New York, New York. The city so nice they named it twice.
New York is a magical place to live. There are terrific universities, great restaurants, and every aspect of high and low culture anyone could ever want. Every day is an adventure, yet buried below all of the nice things that have happened to me while I grew up in New York are a few painful events, the memories of which fade but continue to leave marks, pale shadows like the ashy, circular, black burns a fire’s sparks leave on a hearth rug. In June 2015, it was eighteen years since I began the process of surviving the murder of my graduate school friend Jon. Although at the time, I recognized the horror of the day, I didn’t realize immediately the ancillary ramifications of it. The gunshot killed Jon but also much more.
On May 30, 1997, someone who wanted to rob Jon also chose to kill him; intentionally chose, first by torture and then by a gunshot to the base of the skull, presumably to stop him from reporting the crime. He knew his assailant; it wasn’t random street crime. Perhaps if it were it would make more sense.
No one learned of the event until a few days later when Jon failed to appear for work. And then, as they say, all Hell well and truly broke loose, because Jon’s father was famous. Within two weeks the perpetrators, hardly criminal masterminds, had been apprehended and relayed their side of the story to the NYPD and the newspapers, then, ultimately, the English-speaking world. The numbness, which had begun with the initial shock, began to recede like an ebb tide, leaving an amazingly large amount of room in my heart for pain.
In mid-July 1997 I attended a pretrial meeting at the Manhattan District Attorney’s office with Jon’s mother, Carol. At one point, after Carol had gone to the ladies room, I naively asked the ADA whether she believed that they would secure a conviction because I would hate for my friend to have died for nothing. “I have news for you,” she replied curtly, gathering her papers, “your friend died for nothing, anyway.” Her observation shocked me at the time, although later I realized that it was true.
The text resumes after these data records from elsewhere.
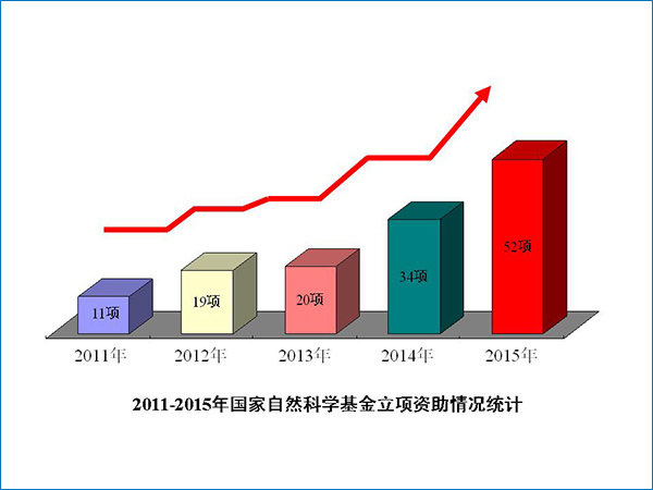 盘点2015年度国家自然科学基金评审情况,我校共获立项资助项目52项,其中面上项目9项、青年科学基金34项,NSFC-河南人才培养联合基金6项,应急管理项目3项。从项目数量来看,我校位居全国高校第171位、河南省高校第6位,均创历史新高。从增长率来看,我校与全国其他10余所高校增幅显著,达到了50%以上,增长势头领跑全省高校。
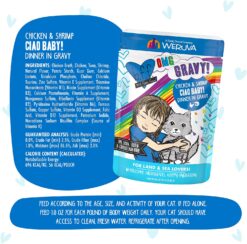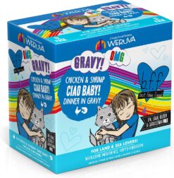 - B.F.F. OMG – Best Feline Friend Oh My Gravy!, Ciao Baby! with Chicken & Shrimp in Gravy Cat Food by Weruva, 2.8oz Pouch (Pack of 12)Ciao Baby! (2.8oz Pouch, Pack of 12) Red-meat tuna, cage-free chicken, and shrimp in a tasty gravy.
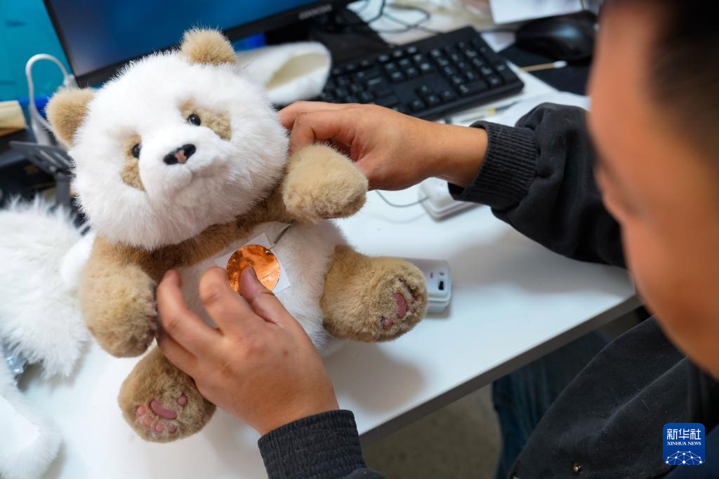 在位于四川省成都市的“西柚熊猫”,研发人员在检测高仿真大熊猫玩偶感应发声部位的工作情况(11月21日摄)。
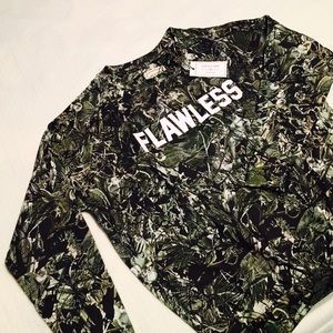 brand new with tags ElevenParis 'LIFE IS A JOKE' "Flawless" Sweatshirt. This Jungle-print camouflage adds a lively look to this slouchy sweatshirt. 'Flawless' lettering cuts a clean line across the front. Crew neckline and ribbed edges. Long raglan sleeves. French terry: 80% cotton; 20% polyester. Length: 24"
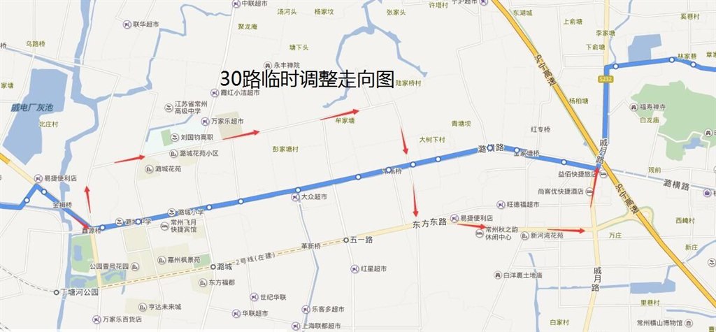30路:由火車站公交中心站始發(fā),按原線行駛至龍城大道大明路路口后,調(diào)整行駛大明路、富民路、興東路、東方路、S232至潞橫路路口后恢復(fù)原線路行駛;臨時(shí)撤銷潞橫路(大明路—S232)行駛路段,同步撤銷“潞橫路龍城大道、潞城、東城橋、陳家塘、彭家塘、光明橋、常燕橋、金豐村、橫山橋金家塘、方家塘、橫山橋農(nóng)副市場(chǎng)西東西向”雙向停靠站,調(diào)整行駛路段臨時(shí)增設(shè)“大明路龍城大道、富民路華豐路、潞城花苑北門、富民路東城路、富民工業(yè)園、彭家塘北、東方創(chuàng)新園、東方創(chuàng)新園東、興東路富民路、興東路潞橫路、(上行增設(shè)興東路東方路)、中高村、省莊小區(qū)、(上行增設(shè)常州汽車客運(yùn)東站)、S232東方路、橫山橋農(nóng)副市場(chǎng)西南北向”雙向停靠站。

I couldn’t have believed her on that sweaty July afternoon, though, because to do so would have left me unable to attend the trial that fall.
I remember entering Manhattan Criminal Court uncomfortably that cool October morning, scanning the public gallery for empty seats, and then pulling a little notebook from my handbag to scribble quick impressions so I could remember later what my senses were too overloaded to process.
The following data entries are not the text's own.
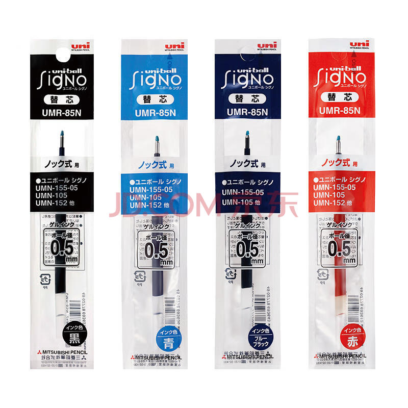 商品相册:uni三菱 uni-ball UMR-85N按动笔芯0.5mm中性笔黑色替芯 适用签字笔UMN-155 105 152 207等系列 10支第
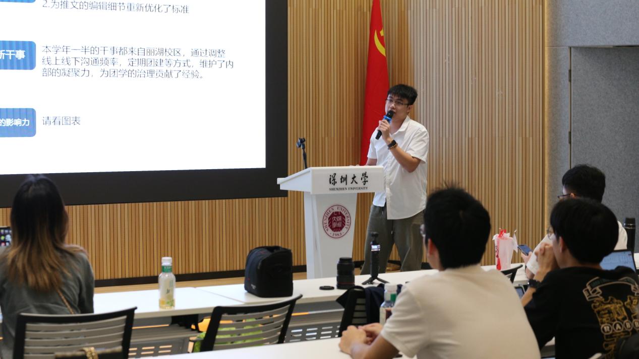 双创部总干事梁海湖分享了近一年在团学中的所行所感。在过去的团学工作中,他参与负责了数学竞赛报名整理、数学文化月举办、荔园挑战等一系列工作中,全面了解团学工作,全面提升了自我。他毫不掩饰地表示,自己在细节方面的能力有待提升。对于团学未来展望,他提出以下三点:增强团学内部凝聚力、扩大团学活动宣传力、提升主席团与总干事执行力。
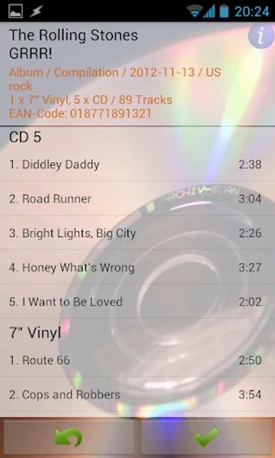 - Download of tracklists, artist, title, genres, release date etc. by scanning barcode of CDs or by searching online (search for artist, album or track on MusicBrainz)
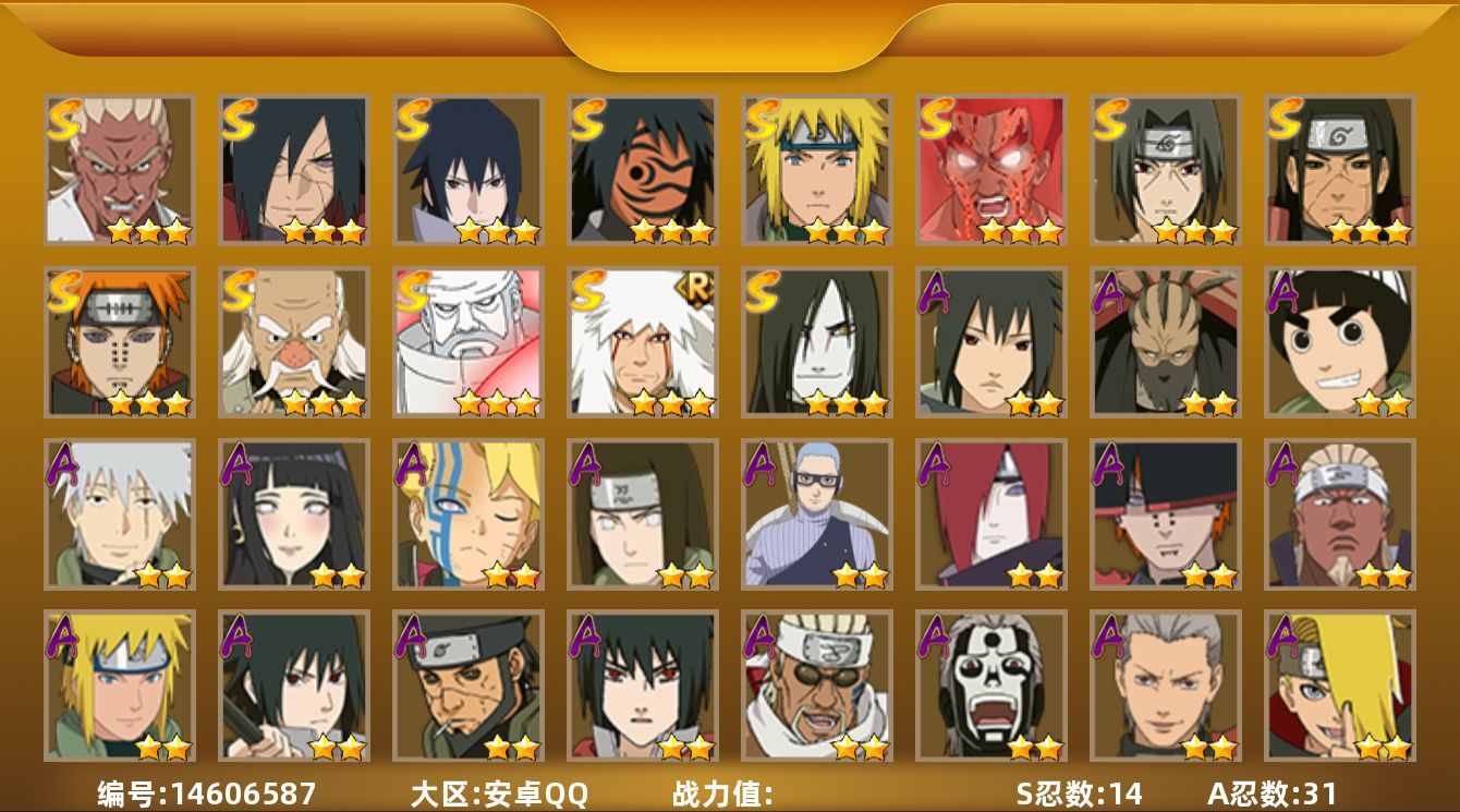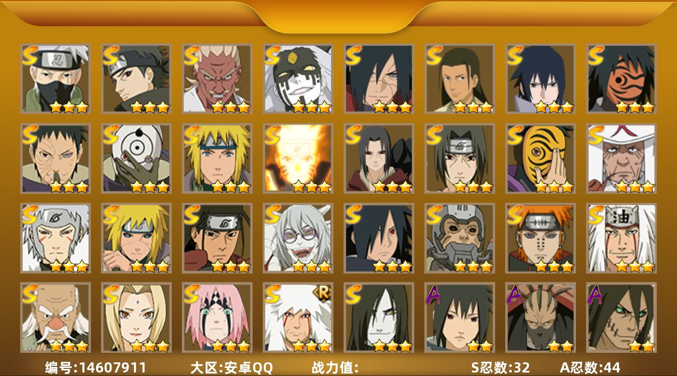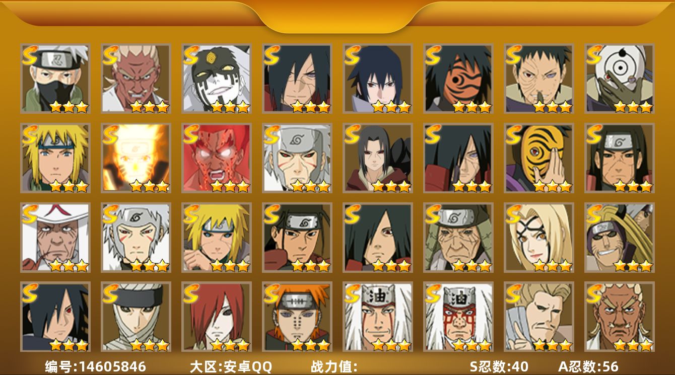 [5709487]可二次修改-安卓q区 145级 1056万战斗力 v10 156忍者 17名s忍 九喇嘛鸣人 忍战樱 万花筒佐助 豪杰自来也 大蛇丸 纲手 八门凯 波风水门 秽土柱间 木叶创立柱间 秽土斑 木叶创立斑 忍战带土 红夜面具男 忍战大野木 天道佩恩 大筒木金式(猿飞日斩90碎片 秽土斑解89碎片) 28名a忍 59名b忍 52名c忍
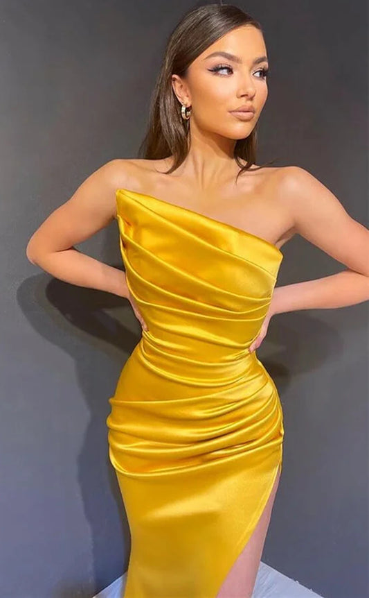 RP1074-Elegant Yellow Mermaid Strapless Ruched Sleeveless Long Prom Evening Dresses Formal Party Gowns With Slit

We watched jury selection – twelve regulars and eight alternates (I wrote in my journal “are they expecting a high drop-out rate?”) and wondered what might really be learned about people from voir dire. I remember hearing the judge advise the jury to “use the same methods you use in your everyday life to determine if someone is telling the truth” and wondering what exactly those methods might be. The character analysis skills learned in English class didn’t seem to work in this room, especially since some in the jury pool (“Juror number 6 is trying to get off; says he’ll only be paid at work for 2 weeks so he can’t stay for 6”) didn’t care to determine anything at all.
Among the worst moments of the trial were hearing from the Medical Examiner (“one puncture in the back of the neck – three shallow cuts across the throat – one right side stab wound which hit the liver – one gunshot wound directly into the brain”) and seeing the autopsy photos passed around (according to my journal, “one of the jurors has her head between her knees . . . Carol’s face is red, now white. I think she’s about to pass out . . . Jamie’s left the room . . . M.E. doesn’t recognize the photo of Jon because by the time he saw him the body was so badly decomposed.”)
After this, the long misery of jurisprudence, the moment I had previously thought was the nadir of it all – the second I learned of Jon’s murder – faded nearly to nothingness when a jury of my peers found Corey Arthur – the assailant who was arrested wearing clothes smeared with Jon’s blood – guilty of only second degree murder which earned him a sentence of twenty-five years to life. That day paled, too, later, when Corey’s accomplice, Montoun Hart, was acquitted.
Then it was over. Except it wasn’t over. It isn’t over. Every May 6 is Jon’s birthday and every May 30 is the anniversary of his murder. Every June 2 is a recreation of the day his decomposed body was found.
Shakespeare was right when he wrote that the evil men do lives after them. Evil’s residue continues to blow over everyone involved in this event like ash from an incinerator. There is no escaping it.